TASK STATEMENT: Repeat the data exactly, leaving out any image.

GIVEN MATERIAL:
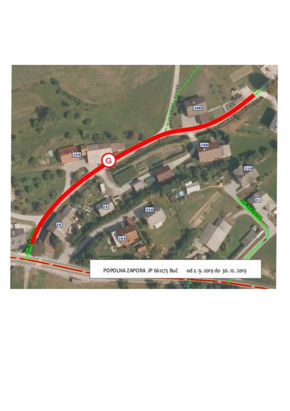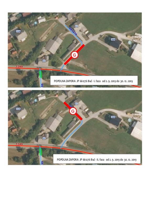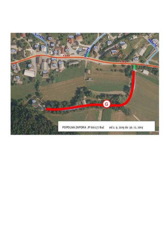 - gradnje kanalizacije (kohezija) , popolna zapora javnih poti JP 661275 Buč, JP 661276 Buč in JP 661277 Buč v času od 2. 9. 2019 do 20. 12. 2019.
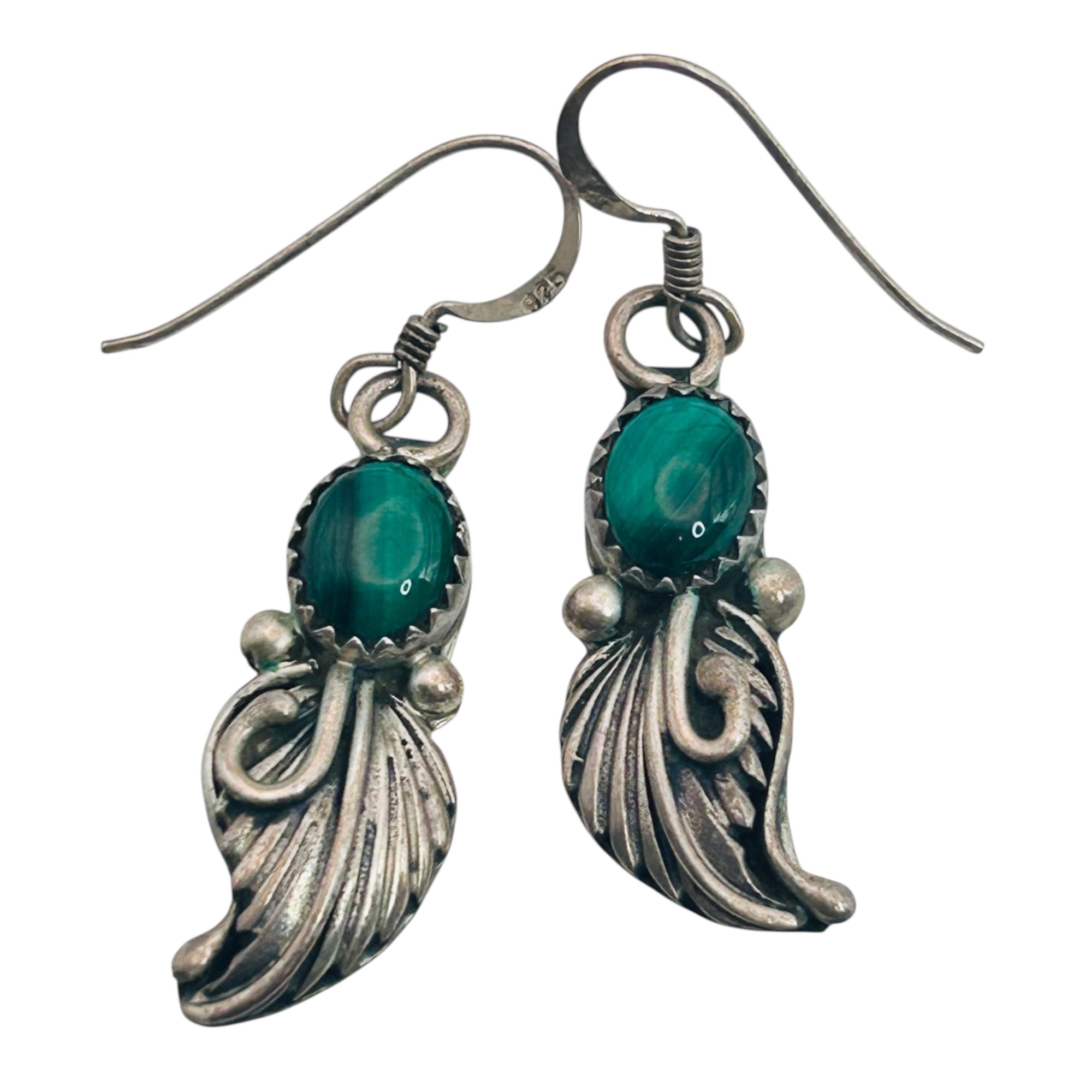 Southwest Malachite Sterling dangle earrings 5.04
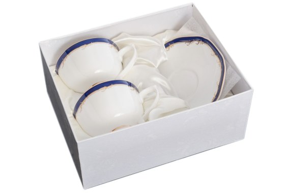 Zestaw dwóch filiżanek ze spodkami wykonanych z wysokiej jakości porcelany kostnej - niska waga i idealna biel. Filiżanki zdobione motywem niebieskiego zdobionego paska, zapakowane w prezentowe pudełko. Produkt oryginalny - dopuszczony do kontaktu z żywnością.
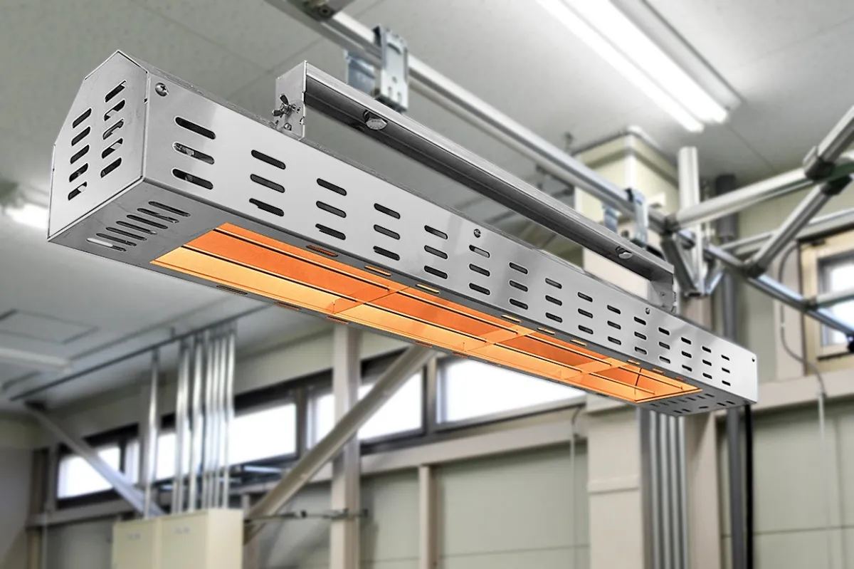 「速暖くん®」は、独自技術による反射板と高効率の「オレンジヒート®」を組み合わせたことで、放射熱を効率的に拡散します。石油やガスを用いないため、作業場の空気を汚さず、酸素不足による異常感を減少させ、より快適な職場環境を提供します。また、スペースを取らない天吊り式デザインにより設置場所の自由度も向上し、作業効率を高めます。

RESULT OF THE TASK:
 - gradnje kanalizacije (kohezija) , popolna zapora javnih poti JP 661275 Buč, JP 661276 Buč in JP 661277 Buč v času od 2. 9. 2019 do 20. 12. 2019.
 Southwest Malachite Sterling dangle earrings 5.04
 Zestaw dwóch filiżanek ze spodkami wykonanych z wysokiej jakości porcelany kostnej - niska waga i idealna biel. Filiżanki zdobione motywem niebieskiego zdobionego paska, zapakowane w prezentowe pudełko. Produkt oryginalny - dopuszczony do kontaktu z żywnością.
 「速暖くん®」は、独自技術による反射板と高効率の「オレンジヒート®」を組み合わせたことで、放射熱を効率的に拡散します。石油やガスを用いないため、作業場の空気を汚さず、酸素不足による異常感を減少させ、より快適な職場環境を提供します。また、スペースを取らない天吊り式デザインにより設置場所の自由度も向上し、作業効率を高めます。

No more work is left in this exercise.